■ **Dataset**

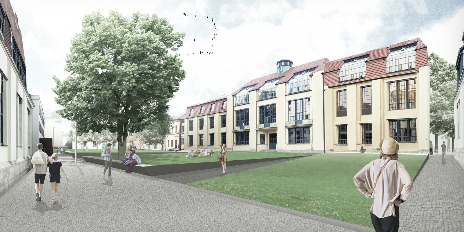 Damit die anstehende Neugestaltung der Außenanlagen den Nutzungsansprüchen der Bauhaus-Universität Weimar gewachsen ist und in ihrer Gestaltqualität den bedeutenden Werken van de Veldes gerecht wird, lobte der Freistaat Thüringen diesen europaweit offenen Ideen- und Realisierungswettbewerb aus. Es war ein Konzept zu entwickeln, welches die spezifische Atmosphäre der Umgebung aufnimmt und langfristig sichert.
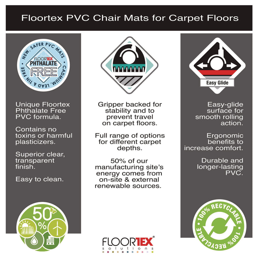 All Floortex PVC/vinyl protector mats are produced at our manufacturing site where 50% of the energy comes from on-site and external renewable sources. 100% recyclable for a reduced carbon footprint.
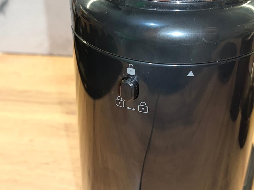 Кстати, помимо защиты от перегрева, предусмотрена защита от случайного включения. Это значит, что если вы не установите бункер для кофе или не провернёте его до конца, кофемолка не запустится. Однако блокировка кнопки включения, например, для защиты от детей, не предусмотрена: при первом нажатии загорается дисплей, а при втором — кофемолка сразу запускается.
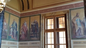 Dort sitzen dann unsere Minister. Zum Beispiel ist dort der Herr Söder, unser Ministerpräsident. Wir dachten, dass er bestimmt ganz oben sitzt. Aber das stimmt nicht. Frau Aigner, die Landtagspräsidentin, sitzt ganz oben. Neben Herrn Söder sitzen dann alle Minister. Also auch der Minister, der für die Schulen zuständig ist, Herr Piazolo, der Kultusminister.
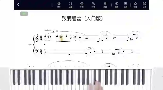 它会把一首乐曲拆分成很多小段落,让你从一小段旋律开始,反复跟弹、熟悉键位,直到最后可以脱离指示弹奏。
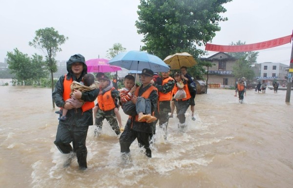 6月20日,在吉安市金滩镇白路村,武警官兵冒雨将孩子们先期往安全地带转移。受连日强降雨影响,江西中北部发生严重洪涝灾害,大批群众被洪水围困,驻地武警官兵正深入灾区开展抗洪抢险工作,转移被困群众。 (新华社发)
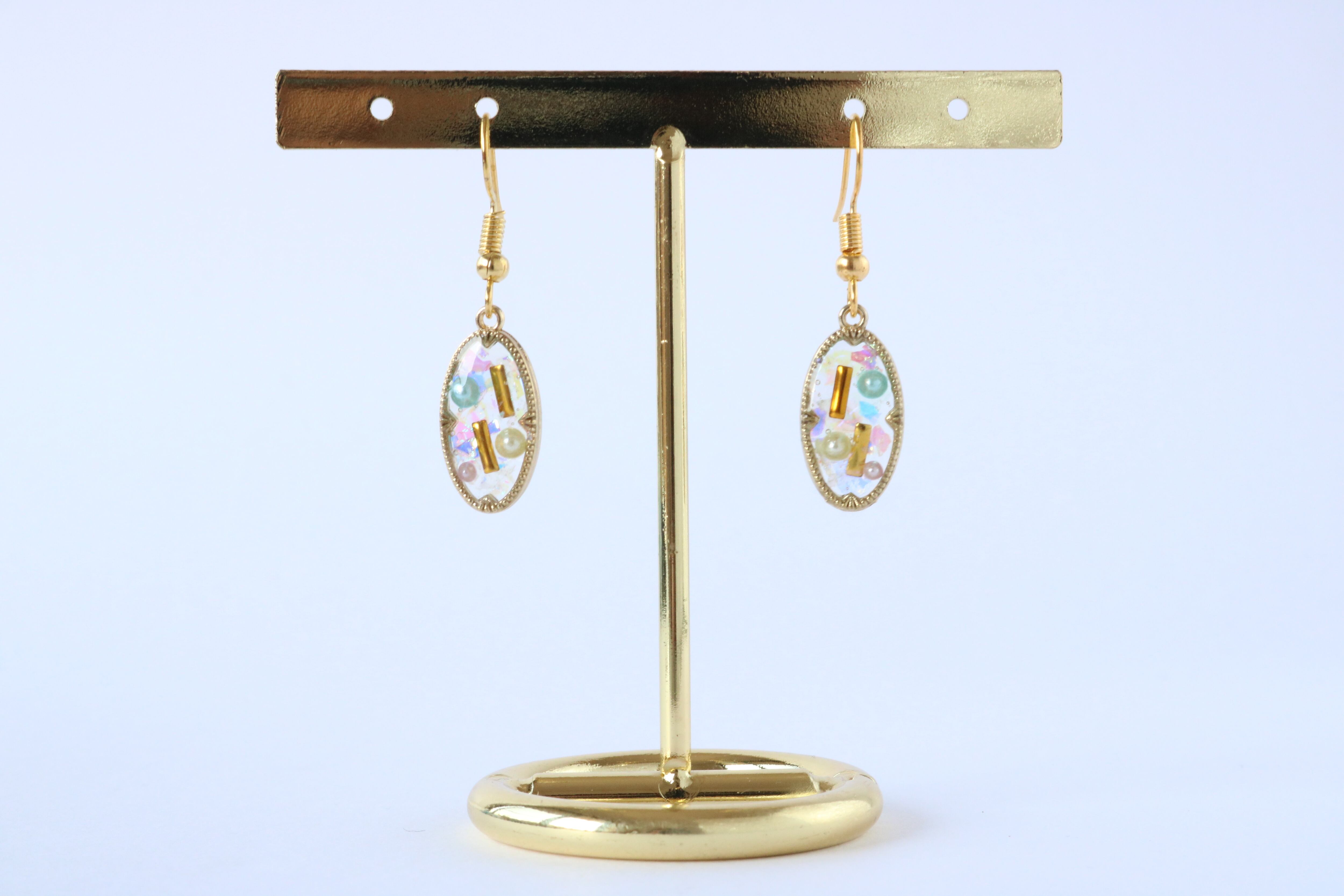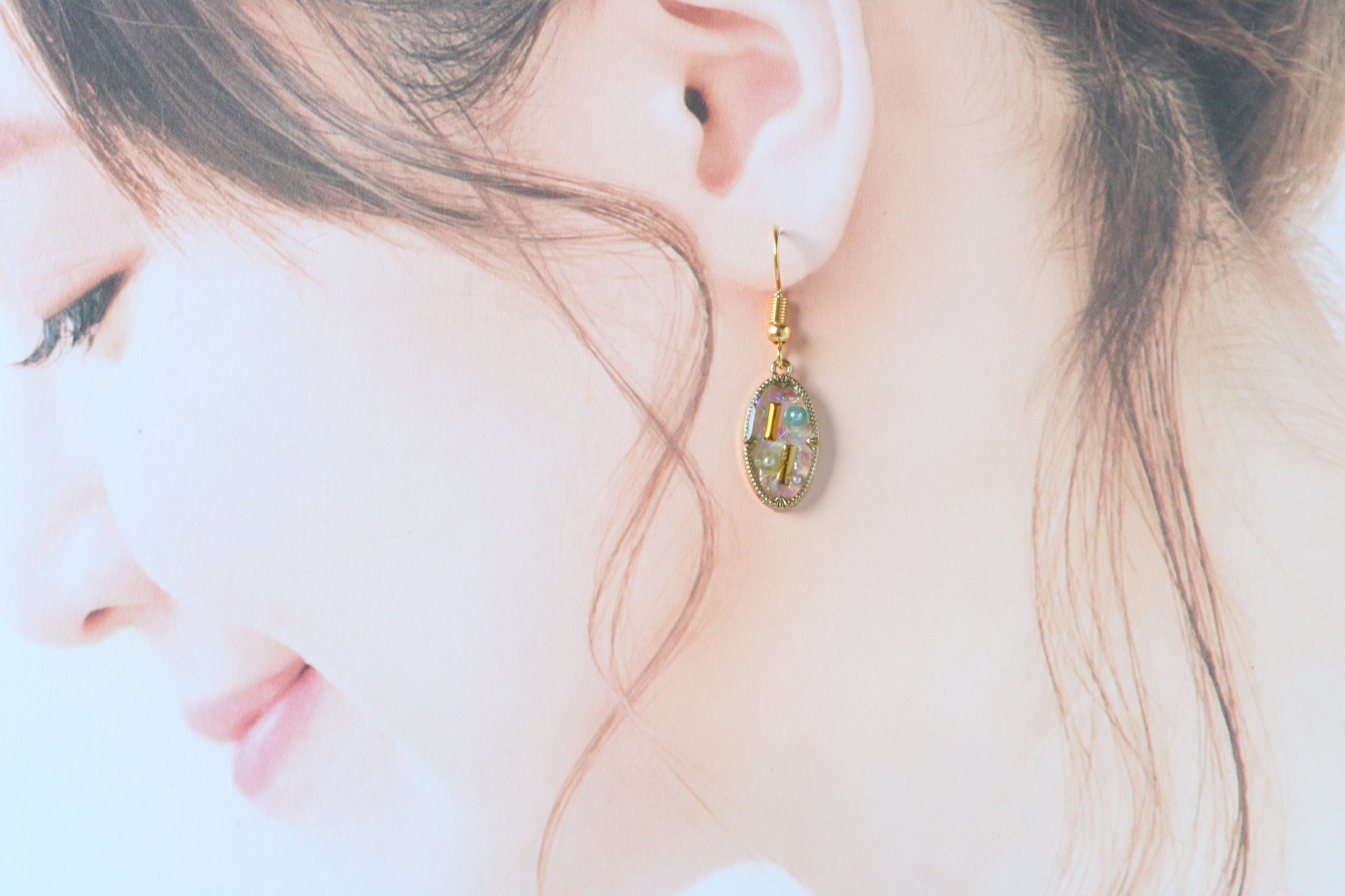 小さめの円形チャームにレジンで固めた可愛らしいゴールドピアスです。♪:*°

■ **Exercise**
Exact copy, pictures excluded: repeat the lines from the top of the material through the line with "Кстати, помимо защиты".

■ **Answer section**
 Damit die anstehende Neugestaltung der Außenanlagen den Nutzungsansprüchen der Bauhaus-Universität Weimar gewachsen ist und in ihrer Gestaltqualität den bedeutenden Werken van de Veldes gerecht wird, lobte der Freistaat Thüringen diesen europaweit offenen Ideen- und Realisierungswettbewerb aus. Es war ein Konzept zu entwickeln, welches die spezifische Atmosphäre der Umgebung aufnimmt und langfristig sichert.
 All Floortex PVC/vinyl protector mats are produced at our manufacturing site where 50% of the energy comes from on-site and external renewable sources. 100% recyclable for a reduced carbon footprint.
 Кстати, помимо защиты от перегрева, предусмотрена защита от случайного включения. Это значит, что если вы не установите бункер для кофе или не провернёте его до конца, кофемолка не запустится. Однако блокировка кнопки включения, например, для защиты от детей, не предусмотрена: при первом нажатии загорается дисплей, а при втором — кофемолка сразу запускается.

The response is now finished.